Roy75 · 01/07/2019 16:26

Giving up is not the best thing to do !! He should understand that pain is necessary, a lesson which is meant to turn him into something phenomenal.. Dreams,Success and Goals are not easily obtained but the only way is to get into the fire and not be afraid to get burnt..He just have to make a strategic plan in order for him to continue with his A levels.. I'm sure he is not getting much hugging, so you should now give him that 'HUGGING' and make him feel that he can do this.
Tell him to make good choices great things happen and to stay 'POSITIVE'
Unless he has big plans, which makes him Innovative or Creative then l guess he can embark on whatever goals he wants to achieve with his Innovation.

LoafofSellotape · 01/07/2019 16:28

I’d say he has to have a plan (and you will support him investigating, but won’t do it for him). If he doesn’t have a plan then he can’t drop out

Most definitely!

Chamomileteaplease · 01/07/2019 17:42

IMO A levels are bloody hard and if you aren't motivated, just awful. I don't blame him for wanting to leave.

I echo the others saying look at apprenticeships and BTECs. If he looks at what is available and what the alternatives are it will either give him a good idea and plan or make him realise that he should stay put.

probstimeforanewname · 01/07/2019 17:48

I agree with previous posters - by all means research the alternatives and see if anything floats his boat but otherwise it's only another year or less of his life and A levels will open a few more doors than GCSEs do. There's no need to rush off to uni afterwards if he feels he's on a bit of a treadmill.
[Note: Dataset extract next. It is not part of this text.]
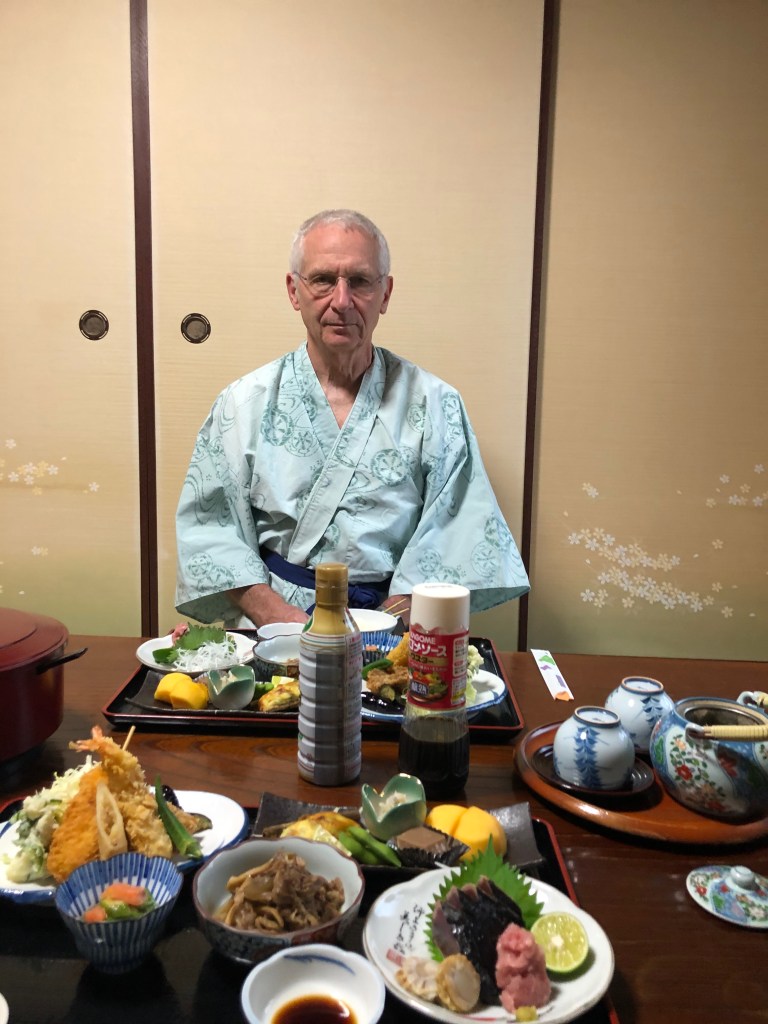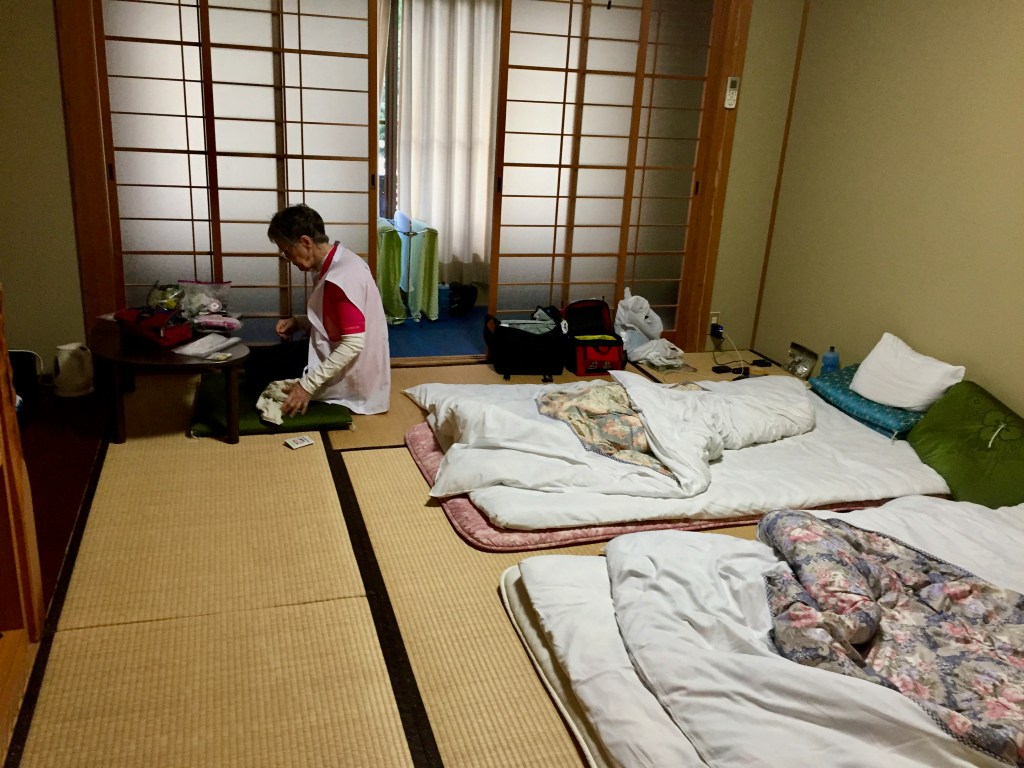 On our descent from the pass, we almost missed our inn, Misato no Yu up and off to the right. Misato no Yu was a relaxed hot springs inn with dining. Their Japanese/French cuisine was pretty fabulous. We had western beds and even a hair dryer to dry our shoes.

user1486131602 · 01/07/2019 17:56

Mine was the same! I told him he could leave school once he had a job! I then took him to the local job centre and told him to find one. After that I had the lady in said JC to explain what the zero hour contract meant and what effect it would have on earning power etc. Once he found out he’d be earning about £2.50 on a zero week, and he didn’t fancy working in McD either, back to school work it was, just finished A levels with A* and B grades....off to uni this sept for another 2 years!
So much for I can’t be bothered to study!